A Justiça da França proferiu, nesta quinta-feira (21), uma decisão histórica ao condenar a Airbus e a Air France por homicídio culposo no caso do acidente com o voo AF-447. A tragédia, ocorrida em 1º de junho de 2009, resultou na morte de 228 pessoas que estavam a bordo da aeronave na rota Rio de Janeiro-Paris.

O caso, que chocou o mundo, permaneceu cercado de mistério por quase dois anos, até que os destroços do avião e as caixas-pretas foram encontrados no fundo do Oceano Atlântico. A investigação revelou como um voo aparentemente normal se transformou em uma catástrofe em poucos minutos.

Este desfecho judicial, quase 17 anos após o desastre, traz um ponto final a um dos acidentes aéreos mais emblemáticos da aviação comercial. A decisão judicial foi baseada nas complexas investigações que buscaram entender as causas da queda e atribuir responsabilidades.

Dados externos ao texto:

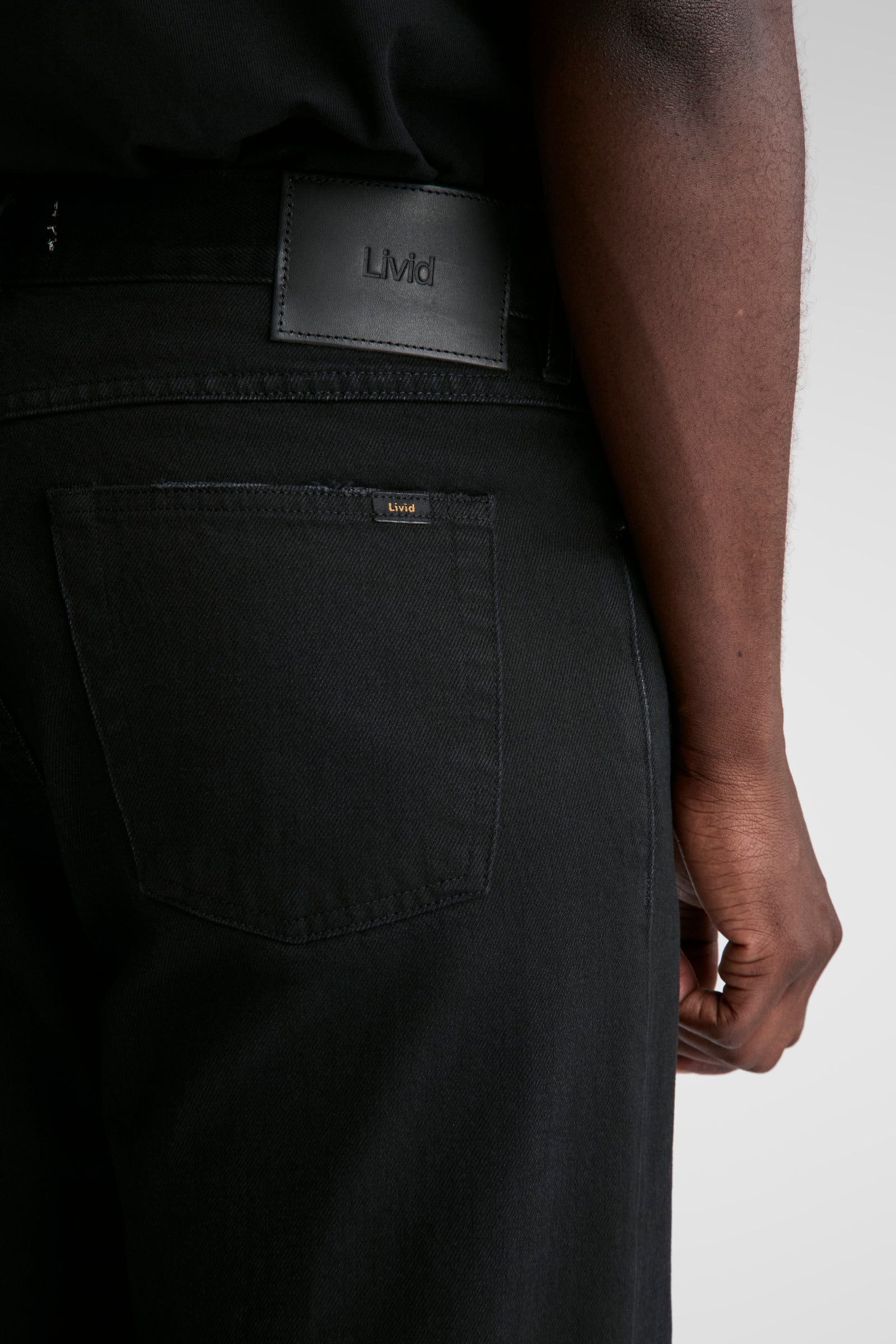 In our slightly broken-in Japan Black Dusk wash. Made in a solid 13 Oz 100% cotton denim from the renowned Japanese denim mill Kuroki. Soft to the touch, the Japan Black Dusk is deep black with subtle fading at the the seams.

Conforme informações divulgadas, a condenação ocorreu após análise detalhada dos fatores que levaram ao acidente.

A noite fatídica de 31 de maio de 2009

O Airbus A330-200 decolou do Aeroporto Internacional Tom Jobim, no Rio de Janeiro, com 228 pessoas a bordo. Na cabine, estavam o comandante Marc Dubois, 58 anos, o copiloto Pierre-Cédric Bonin, 32 anos, e o terceiro piloto David Robert, 37 anos. A presença de três tripulantes é padrão em voos transatlânticos para garantir o cumprimento das horas de trabalho.

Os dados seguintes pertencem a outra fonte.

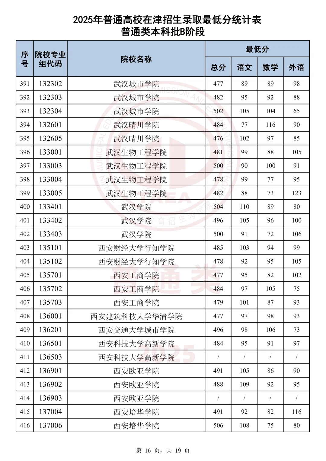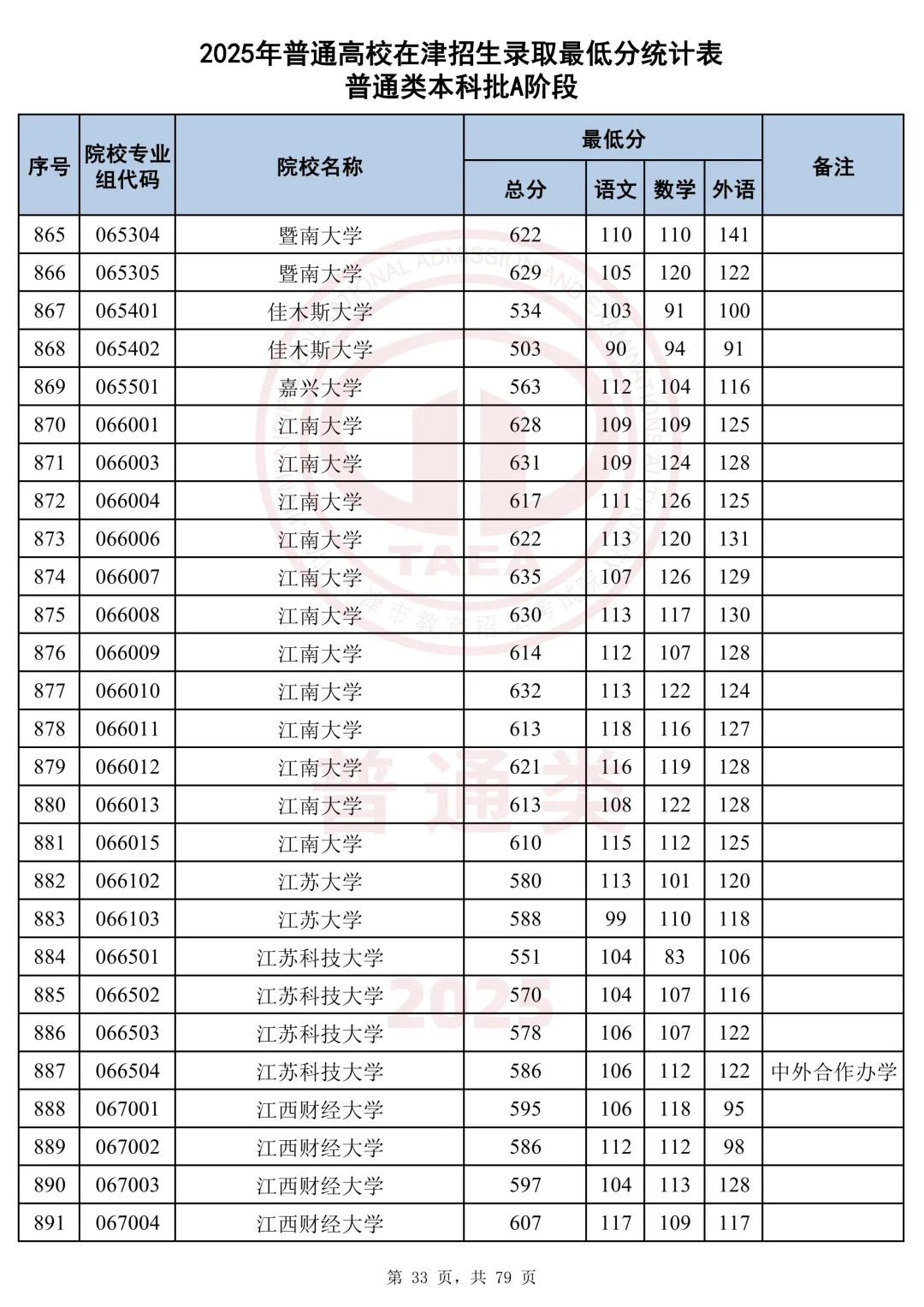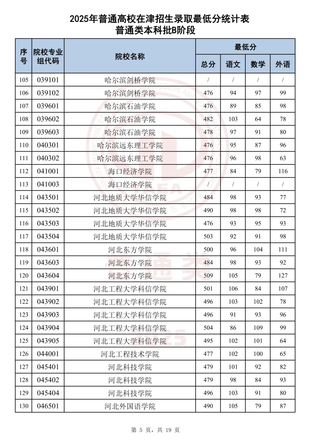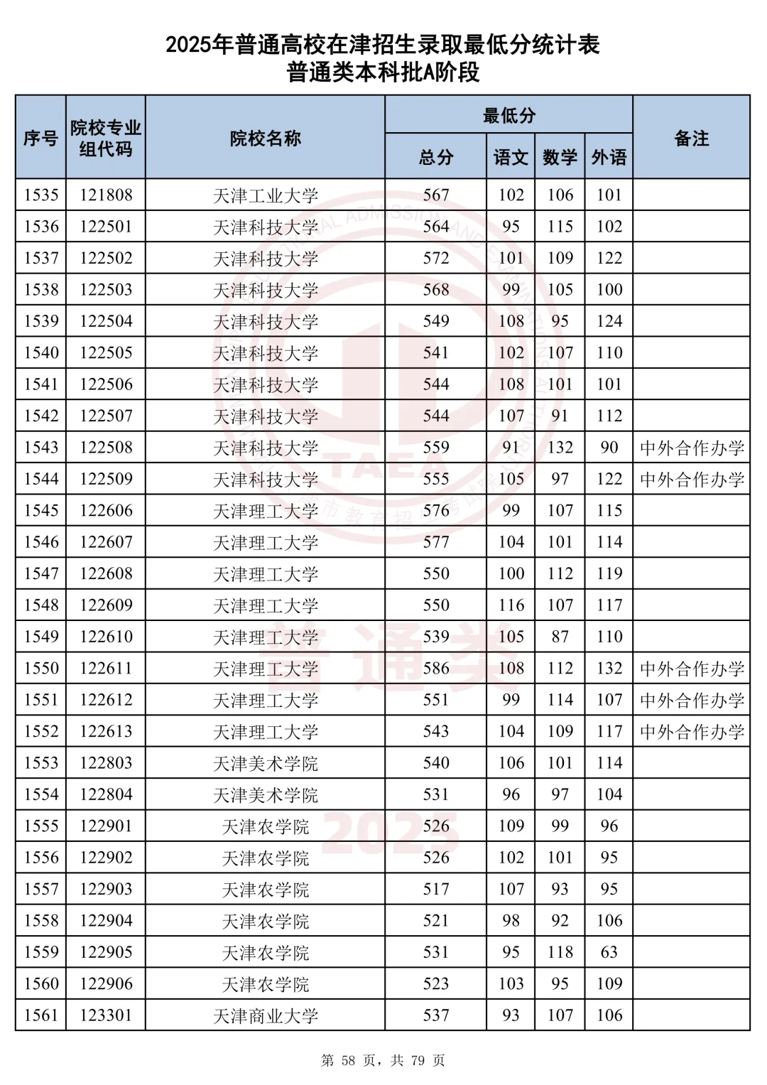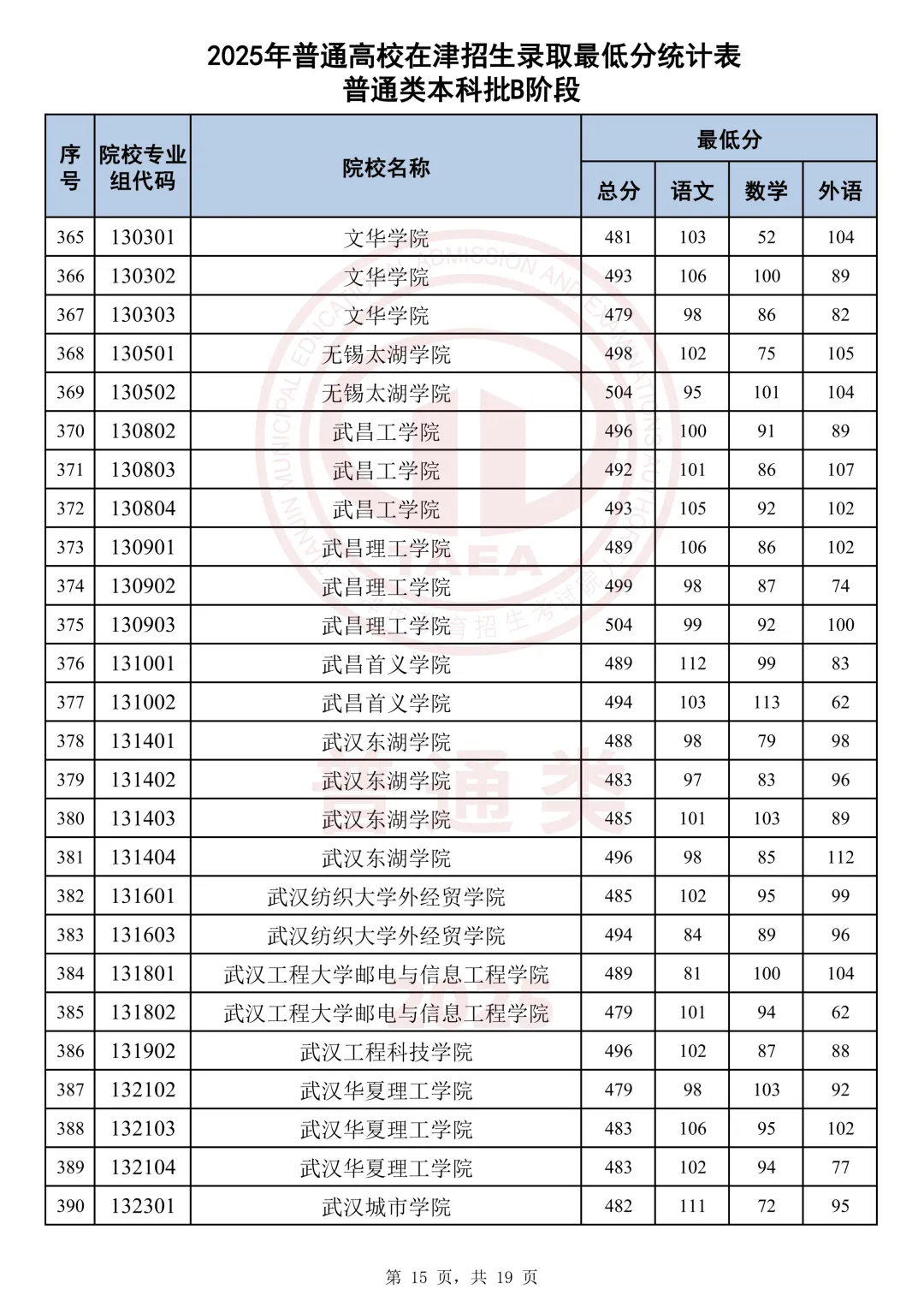 今天分享2025天津本科AB段最低分汇总

Ivan Sant’Anna, escritor e aviador, autor de livros sobre o tema, explica que, embora a Air France utilizasse três pilotos nessa rota, a prática comum em outras companhias é o uso de quatro tripulantes para um revezamento mais eficaz, visando maior segurança.

Falha técnica e a tempestade no Atlântico

Durante a travessia do Atlântico Sul, a aeronave enfrentou condições meteorológicas adversas. Uma falha técnica nos sondas pitot, responsáveis por medir a velocidade da aeronave em relação ao ar, foi um dos fatores cruciais. Em determinadas condições, esses tubos podiam acumular cristais de gelo, comprometendo a leitura dos dados.

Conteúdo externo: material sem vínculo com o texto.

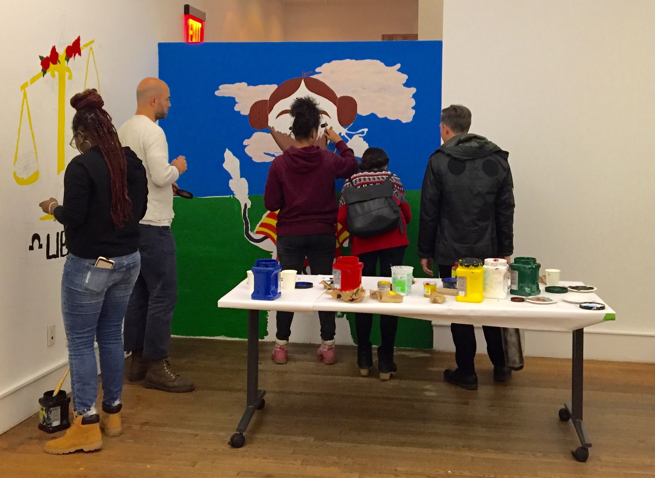 - Briana (Artistic Noise staff), Nic, Samantha, and public participants Barbara and Joe working together on Davon’s Libra mural and “MW” by Samantha.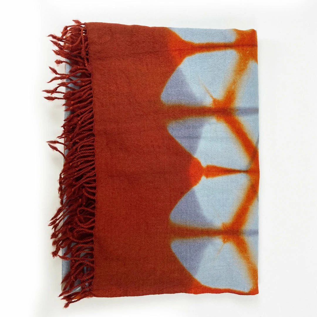 orange and blue scarf is 100 %wool and dyed in a unique geometric pattern with twisted tassels on the edges
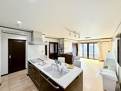 アイランドキッチンで調理スペースはゆとりがある広さです。 IHクッキングヒーターでお子様にも安心です。また、食器洗浄乾燥機付きで忙しいママをサポートしてくれます。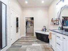 This 2020 parade home in Cantera is nestled in a quiet gated community. 3 bedroom 2.5 bathroom 2 car garage plus office. This home boasts high ceilings throughout, gorgeous light fixtures. Open floor plan Living room has a beautiful electric fireplace, built in shelving and a wine fridge. Separate laundry with sink and floating shelves. Kitchen has quartz/granite countertops large pantry and plenty of storage gas stovetop. The refrigerator will convey. Main level has a half bathroom off of living area. The primary suite is on main level with en suite bathroom stand alone bath tub, separate shower, and walk-in closet. Inviting staircase leads to the second floor where 2 bedrooms with Jack n Jill bathroom 2 separate sink areas. The office is also on second floor. Low maintenance front and backyard with a front and side patio with artificial turf. Security system conveys includes outside cameras, doorbell, front door, and garage door open with app.
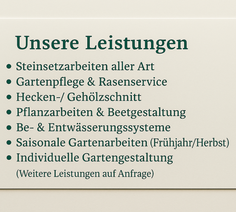 Wir sind stolz darauf, durch qualitativ hochwertige Arbeit und Leidenschaft für die Natur unvergessliche Gartenlandschaften zu schaffen.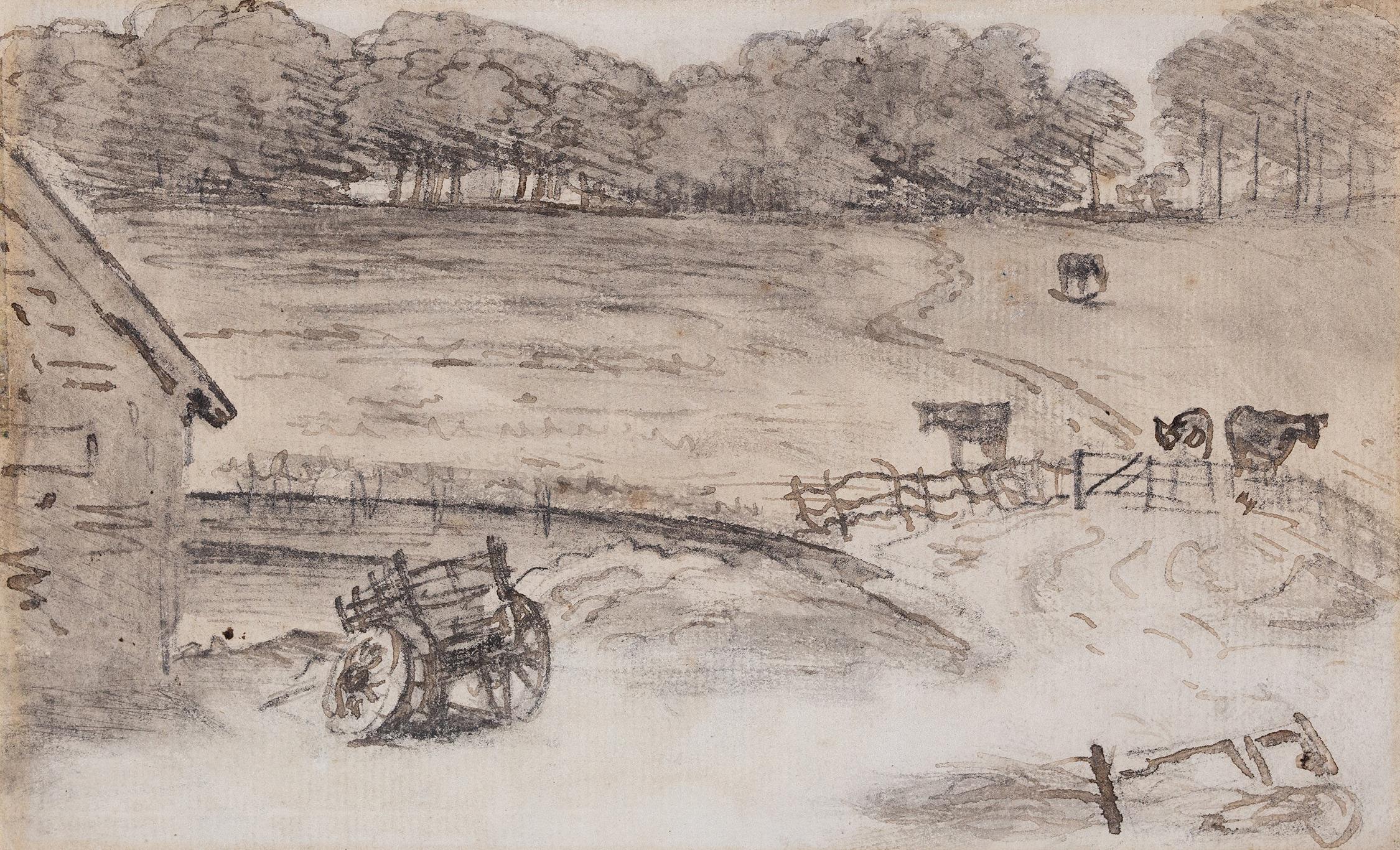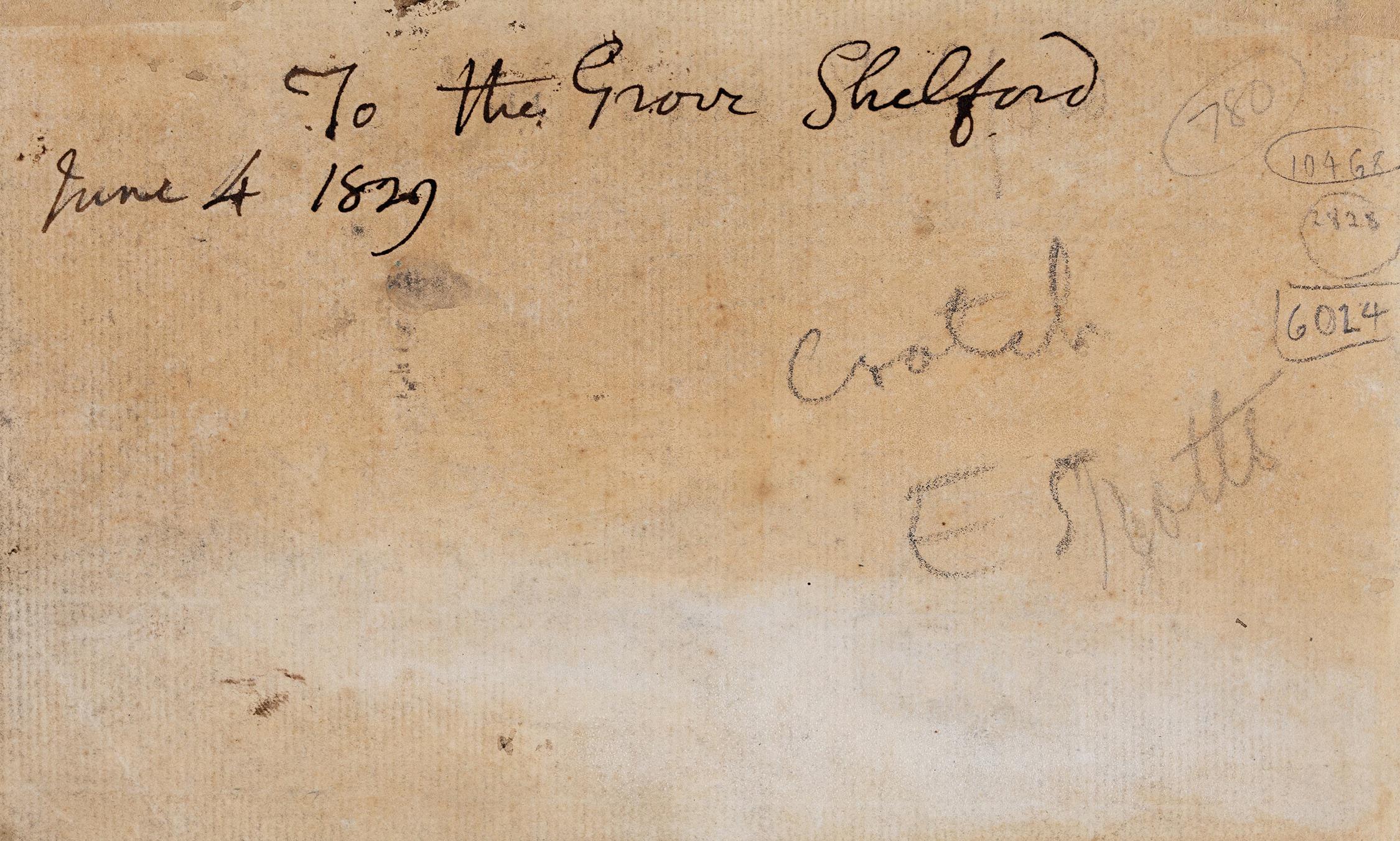 Crotch, Dr William (1775 – 1847) – Cambridgeshire; ‘To the Grove Shelford / June 4th 1829’. Crotch, Dr William (1775 - 1847) Cambridgeshire; 'To the Grove Shelford / June 4th 1829'. Pen, ink and monochrome wash. Inscribed and dated verso. 4x6.5 inches. Sold Favourite

Apesar de a falha não ser considerada grave e haver procedimentos estabelecidos para sua ocorrência, a situação se agravou. A tripulação, em especial o copiloto Bonin, demonstrou nervosismo diante da tempestade. A falta de instruções claras do comandante Dubois, que se retirou para a área de descanso, e a decisão tardia de desviar da rota contribuíram para o agravamento da situação.

Erro humano e a perda de controle

Com o congelamento das sondas pitot, o piloto automático foi desativado, e o controle da aeronave passou para os pilotos. Dados das caixas-pretas, recuperadas posteriormente, indicam que Bonin realizou correções exageradas nos comandos de direção e puxou o sidestick completamente para trás, fazendo o nariz da aeronave subir drasticamente. Esse movimento, em voo de cruzeiro, é um erro fatal que leva à perda de sustentação.

O relatório do BEA (órgão francês de investigação de acidentes aéreos) aponta para uma grave imperícia por parte do piloto. A falta de treinamento adequado para a situação de perda de instrumentos em condições de estresse e turbulência intensa, somada à comunicação imprecisa entre os tripulantes, culminou na entrada em estol da aeronave.

A queda e o desfecho trágico

Em 1º de junho de 2009, às 02h14min28 UTC, o Airbus A330 colidiu com o Oceano Atlântico. A queda durou cerca de três minutos e meio, desde 11.500 metros de altitude, sem que a aeronave recuperasse a sustentação. A velocidade vertical no impacto era de aproximadamente 200 km/h, com o nariz inclinado para cima.

O desastre do voo AF-447, que matou 228 pessoas, marcou profundamente a aviação comercial. A investigação detalhada, a recuperação das caixas-pretas e o julgamento posterior buscama evitar que tragédias semelhantes se repitam, reforçando a importância da segurança e do rigor nos procedimentos aeronáuticos.